## Work required
Take the listing from its first line through the line that contains "SuperCab XL 4x4 in Highlight Silver Metallic" and please retype those lines exactly, leaving out the pictures.

## Source data
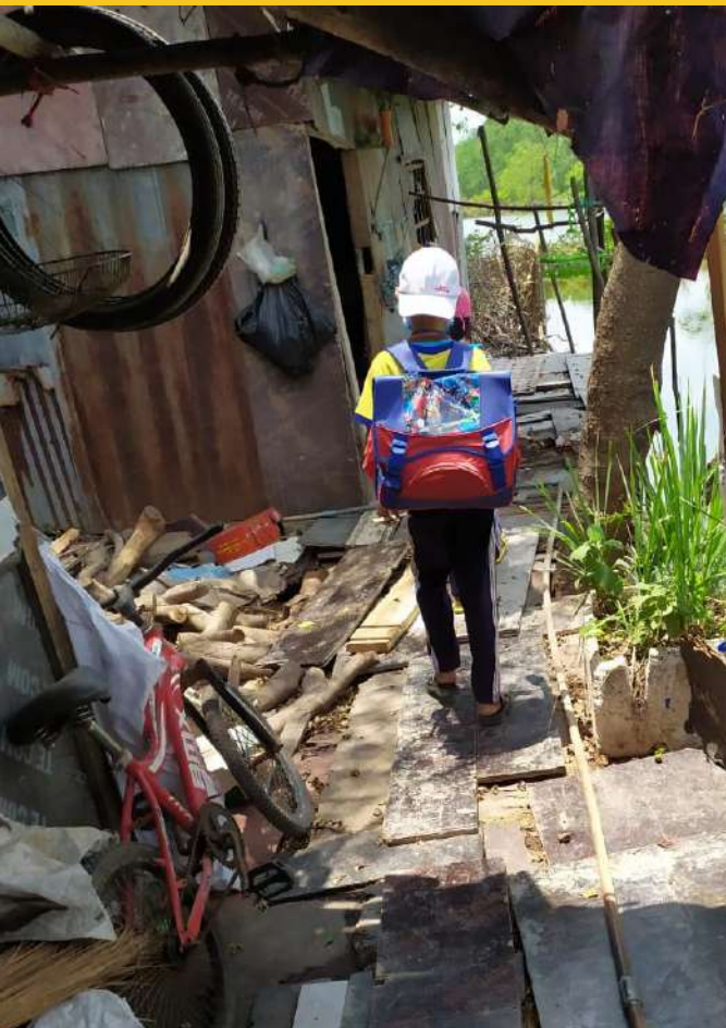
Sur les chemins de l'école Ho Chi Minh - Vietnam 2021
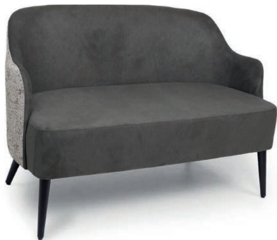
LOVENA LOUNGESOFA wenge Material kundenseits
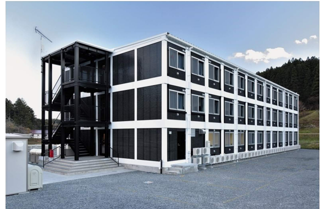
▲アイルーム南三陸

アズ企画設計は、東日本大震災で被災した地域の復興のため、復興事業を行う作業員の宿泊施設が広範囲にわたって不足している中、宿泊施設の建設が復興作業を加速させると判断し、2015年12月、宮城県本吉郡南三陸町に復興事業を行う作業員向けの宿泊施設「アイルーム南三陸」を建設し、ホテル事業を展開してきました。本宿泊施設は、在来工法と比べて大幅に工期を短縮することが可能なモジュール工法を採用し短い工期で建設した一方で、ゆがみにも強い重量鉄骨を採用
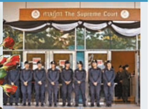
■最高法院昨日就英祿(左圖)「大米瀆職案」宣判，出動大批警員駐守。

泰國最高法院昨日就「大米瀆職案」宣判，指前總理英祿明知政府推行的收購大米計劃非法，但未有制止，裁定她瀆職罪成，判囚5年。
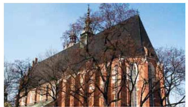
Igreja do Corpus Christi.

No ano de 1345, o rei da Polônia Casimiro III, o Grande, mandou construir uma igreja dedicada ao Corpo de Cristo em memória do Milagre Eucarístico que ocorreu naquele mesmo ano nos campos de Wawel, perto de Cracóvia.
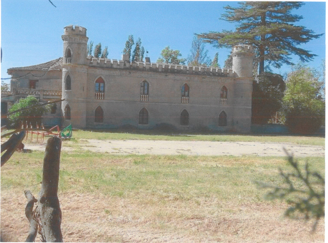
Edificio del Priorato de Santa María del Duero
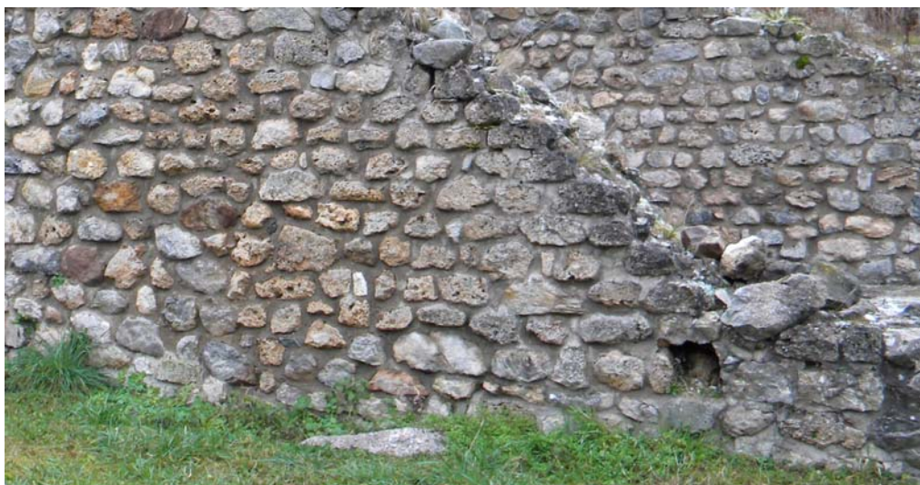
Сл 5. Техника зидања.

Све спојнице у зиду, како у његовом језгру, тако и у фасадном слогу, морају бити потпуно испуњене малтером без шупљина.
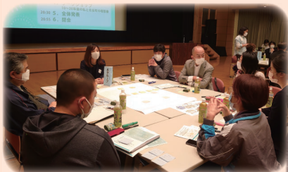
第1回まちづくりミーティングのようす
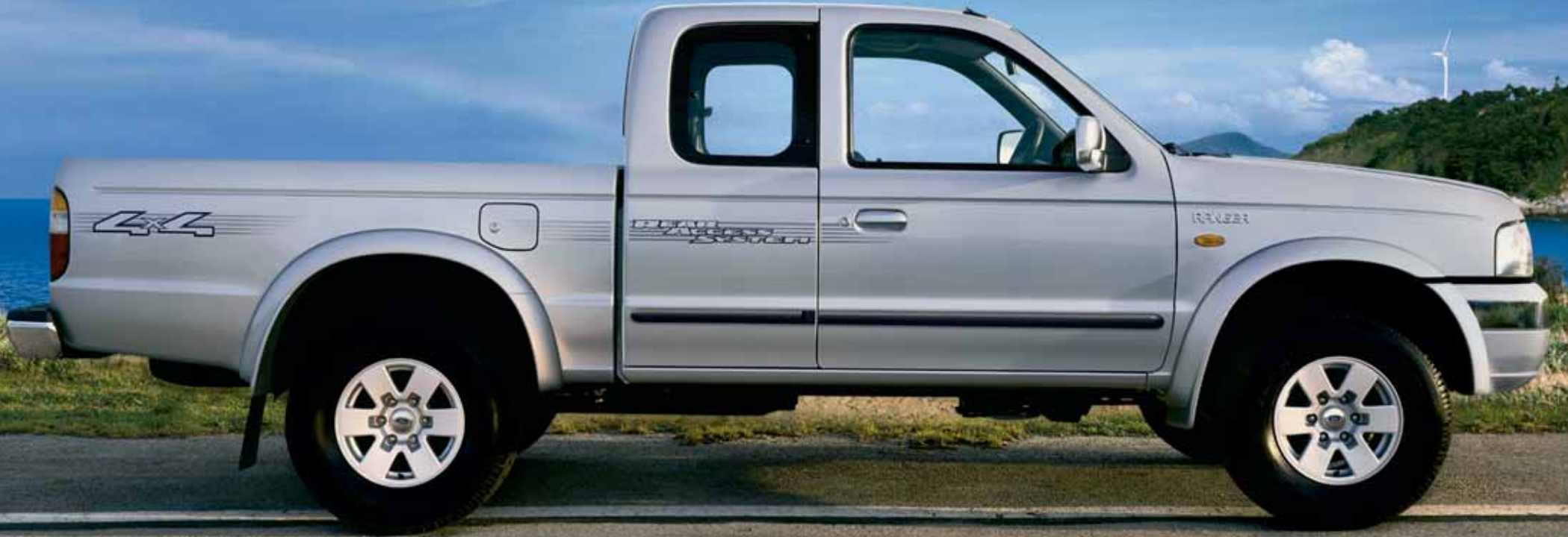
SuperCab XL 4x4 in Highlight Silver Metallic

قليل عدد الشاحنات التي يمكنها القيام بالعمل الشاق الذي تقوم به فورد رنجر ٢٠٠٥. فعندما يكون لديك يوم طويل حافل بالأعمال فإن هذه الشاحنة توفر لك الدعم المطلوب لاستكمال المهمات الصعبة، إذ تم تجهيزها بكافة المعدات اللازمة لأداء الأعمال الشاقة، فضلا عن مساحتها الداخلية الرحبة التي توفر لك الراحة والنشاط. وتتوفر رنجر بعدة طرازات منها ريجيولار كاب (Regular Cab) وسوبركاب (SuperCab) ودوبل كاب (Double Cab). وبما أنك قد لا تعرف ما الذي ينتظرك، ومن الذي ستصعبه معك، فيمكنك الاعتماد على جدارة ومرونة فورد رنجر.

## Task result
Sur les chemins de l'école Ho Chi Minh - Vietnam 2021
LOVENA LOUNGESOFA wenge Material kundenseits
▲アイルーム南三陸

アズ企画設計は、東日本大震災で被災した地域の復興のため、復興事業を行う作業員の宿泊施設が広範囲にわたって不足している中、宿泊施設の建設が復興作業を加速させると判断し、2015年12月、宮城県本吉郡南三陸町に復興事業を行う作業員向けの宿泊施設「アイルーム南三陸」を建設し、ホテル事業を展開してきました。本宿泊施設は、在来工法と比べて大幅に工期を短縮することが可能なモジュール工法を採用し短い工期で建設した一方で、ゆがみにも強い重量鉄骨を採用
■最高法院昨日就英祿(左圖)「大米瀆職案」宣判，出動大批警員駐守。

泰國最高法院昨日就「大米瀆職案」宣判，指前總理英祿明知政府推行的收購大米計劃非法，但未有制止，裁定她瀆職罪成，判囚5年。
Igreja do Corpus Christi.

No ano de 1345, o rei da Polônia Casimiro III, o Grande, mandou construir uma igreja dedicada ao Corpo de Cristo em memória do Milagre Eucarístico que ocorreu naquele mesmo ano nos campos de Wawel, perto de Cracóvia.
Edificio del Priorato de Santa María del Duero
Сл 5. Техника зидања.

Све спојнице у зиду, како у његовом језгру, тако и у фасадном слогу, морају бити потпуно испуњене малтером без шупљина.
第1回まちづくりミーティングのようす
SuperCab XL 4x4 in Highlight Silver Metallic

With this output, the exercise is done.